On Connecting with Your Spouse

^^ We don't get out much and when we do, I always have to document it with a little couple selfie


I was blown away at how many people so quickly read my post death to the weekly date night myth. Then again, I probably shouldn't have been. There is so much pressure on us these days to do ALL THE THINGS and do them right. And sometimes, lets be honest, most of the time, we just can't live up to that "pinterest standard". Anyway, that post was shared several times on facebook and I was able to view the comments on all the shares. The one that stood out to me, and gave me a good laugh, was from a guy who admitted he is currently childless. But, he informed everyone that his marriage will always come before his children…and I may or may not have gotten a huge kick out of all the mama's that told him to come talk after him and his wife had a couple kids.  

First, I would like to state that I never said that Ian does not come before our children…hypothetically. Because, let's be honest here for a moment. In the real now, my children really need us. I nurse a baby. I wipe bums. I make several meals and snacks a day. I change beds that were wet in. I do laundry. I do bath time. And guess what, all of this are things that HAVE TO GET DONE. And they are things that have to get done even if I wanted to just spend some alone time with Ian. So physically, yes my children come first in our house. Emotionally, my husband is my rock, not my children. 

Really, what I want to talk about is there are so many ways to connect with your spouse outside of date nights. I think so often in the hustle and bustle of life with small children, we feel so worn out and feel like we have so little to offer our spouse. But, for me, a cup of coffee and 20 minutes spent chatting with each other without distraction is like gold and totally fills me up. Also, eating dinner just the two of us from time to time really is nice. This can happen after the kids or in bed, or on a Friday night by letting the kids eat dinner in front of a movie while we eat in the dining room. 

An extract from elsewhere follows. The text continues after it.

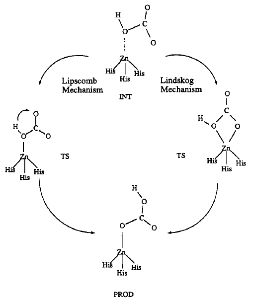 Hi ha reaccions, però, en les que l’aigua no té un paper d’espectador sinó que juga un rol més actiu i intervé directament en la reacció química. Hi ha molts d’exemples, però per il·lustrar-ho escolliré la reacció de transferència protònica que té lloc en l’anomenat mecanisme de Lipscomb que opera en l’enzim anhidrasa carbònica i que vàrem estudiar en el grup del Prof. Bertran l’any 1992. Aquest enzim catalitza la transformació del CO2 (diòxid de carboni) a HCO3– (bicarbonat) i ho fa a través de dos possibles mecanismes: el de Lipscomb i el de Linsdkog (veure Figura 2). En absència de molècules d’aigua el mecanisme de Lipscomb passa a través de l’estat de transició TS_(a) de la Figura 3 i no és competitiu amb el de Lindskog que té una barrera molt més baixa. Tanmateix, si la transferència protònica ve ajudada per una molècula d’aigua (TS_(b) de la Figura 3), la barrera del mecanisme de Lipscomb disminueix de manera molt substancial (i per tant l’aigua catalitza el procés) i passa a ser competitiu amb el mecanisme de Lindskog. La raó l’hem de buscar en el fet que la transferència protònica en el TS_(a) es fa a través d’un anell de 4 membres (O1H1O2C) que està molt tensionat, mentre que en el TS_(b) es genera un anell de 6 membres molt menys tensionat. En el TS_(b) l’aigua dóna un protó al CO2 i n’accepta un altre del grup L3ZnOH, és a dir, fa de catalitzador bifuncional (l’aigua actua com acceptora i donadora de protons en un procés simultani).

When our kids are infants, I always find that the hardest time to connect. And really that is because infants (especially breastfed ones) need their mama's all the time. It was actually because of that, that I did 12 date of Christmas for Ian. Yes, many of the dates were at home, but doing intentional things, just the two of us, really was fun. And I will never forget us riding the go karts in the freezing cold, the only people out on the track, acting like a couple of loonies, having the time of our lives. 

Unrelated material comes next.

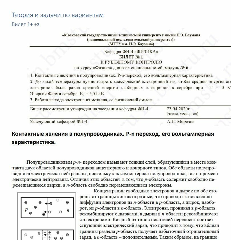 Для студентов МГТУ им. Н.Э.Баумана по предмету ФизикаТеория + ПрактикаТеория + Практика

All this to say that small moments mater. Small gestures matter. Making sure your spouse knows you think about them and love them matters. Even if you feel like you have nothing left to give, write your hubby a note during nap time and mail it to him at work. It will surely put a smile on his face. 



Also, once upon a time, I shared 50 date night ideas and many of them were at home date ideas that can totally be done after the kids go to bed. Plus, it's always good to have date ideas because when those date nights do come around, chances are my brain cells have all been used up during the day and I can't think of ideas for things to do right then!